When you git add file.txt, Git compresses and stores the file contents as a blob object.

You can inspect it with:

git hash-object file.txt

This command outputs something like:

9562e8b2802fe9b2ea5764741c19f37847cb8acf

This is a SHA-1 hash. Inside .git/objects, Git stores it as:

.git/objects/95/62e8b2802fe9b2ea5764741c19f37847cb8acf

So Git doesn’t store filenames — just file contents. The link between names and blobs comes later (in trees).

Tree — The Directory Blueprint

A tree object represents the structure of a directory. Each entry in a tree object maps a filename to:

  • A blob/tree hash
  • File mode
  • Type (blob or tree)

You can see tree content with:

git cat-file -p <tree-hash>
100644  blob  b2d8968efa87a1845f3a94ca73618a194c2304a1	README.md
040000  tree  dddd84a1983a6438c2f4831b012c214bb17df43e	src

So a tree is basically the directory listing, recursively pointing to blobs and subtrees.

Commit — The Snapshot Metadata

A commit object points to:

  • One tree (the root directory snapshot)
  • Zero or more parent commits
  • Author and committer metadata
  • Commit message

You can view a commit object like this:

git cat-file -p <commit-hash>
tree  421da6484e3079368699a902463f9ac09898a71b
parent  33f9d5b4d4998b2e12b77bac1f6dad96d901030b
author  admincodes7  <arjunbanur27@gmail.com>  1761184353  +0530
committer  admincodes7  <arjunbanur27@gmail.com>  1761184353  +0530

Just to see parent of this commit

The Index — Git’s Staging Area

When you git add, Git doesn’t commit yet — it updates the index (a binary file stored at .git/index).
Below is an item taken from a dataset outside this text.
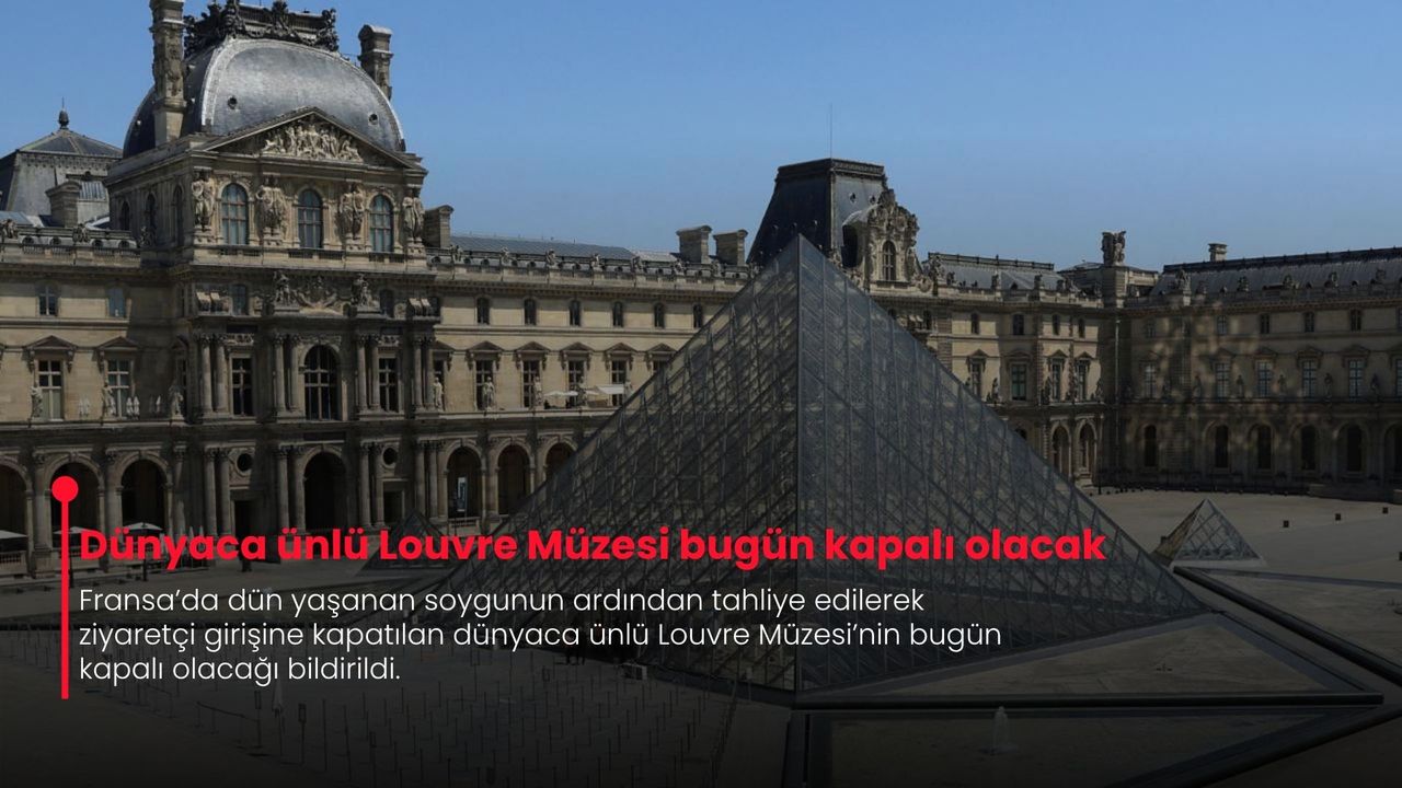 Ulusal basının Louvre Müzesi basın ofisinden yapılan açıklamaya dayandırdığı haberlere göre, dün sabah saatlerinde tarihi eser niteliğinde 9 mücevherin çalındığı soygunun ardından ziyaretçilerin tahliye edildiği Louvre Müzesi bugün halka kapalı olacak.

The index maps:

<path><blob-hash>

So when you git commit, Git:

  • Writes a new tree object from the index.
  • Writes a commit object pointing to that tree (and to its parent).

That’s it — no magic.

Branches and Refs — Just Pointers

A branch in Git is simply a file that stores a commit hash.

.git/refs/heads/main → a1b2c3d4...

HEAD is another file:

.git/HEAD → ref: refs/heads/main

So when you git commit, Git:

  • Creates a new commit object.
  • Moves the branch’s ref to point to it.
  • Updates HEAD accordingly.

Tags — Named Commits

A tag is a named reference to a commit. Lightweight tags just point to a commit hash. Annotated tags are full objects containing metadata.

object 33d906ce59d2e29f647bb182cda61eaa22f12c72
type commit
tag v1.0
tagger admincodes7 <arjunbanur27@gmail.com> 1761185097 +0530

Release version 1.0

Git Add, Commit, Checkout — Internals

Let’s trace one complete flow:

git add

  • Hash each file → store as blob.
  • Update index with <path → blob-hash>.

git commit

  • Create a tree from index.
  • Create a commit object with:
  • - tree = <tree-hash>
  • - parent = <previous-commit>
  • Move HEAD’s ref (branch) to new commit.

git checkout

  • Read the commit → tree → blobs.
  • Replace working directory files with those blobs.

Git Merge — Combining Histories

A merge commit has two parents:

parent 1a410ef...
parent b7d34e2...

Git finds the common ancestor (the merge base), performs a three-way merge, and creates a new commit that has both as parents.

If conflicts arise, it just writes conflict markers in the working directory — Git never auto-edits blobs beyond that.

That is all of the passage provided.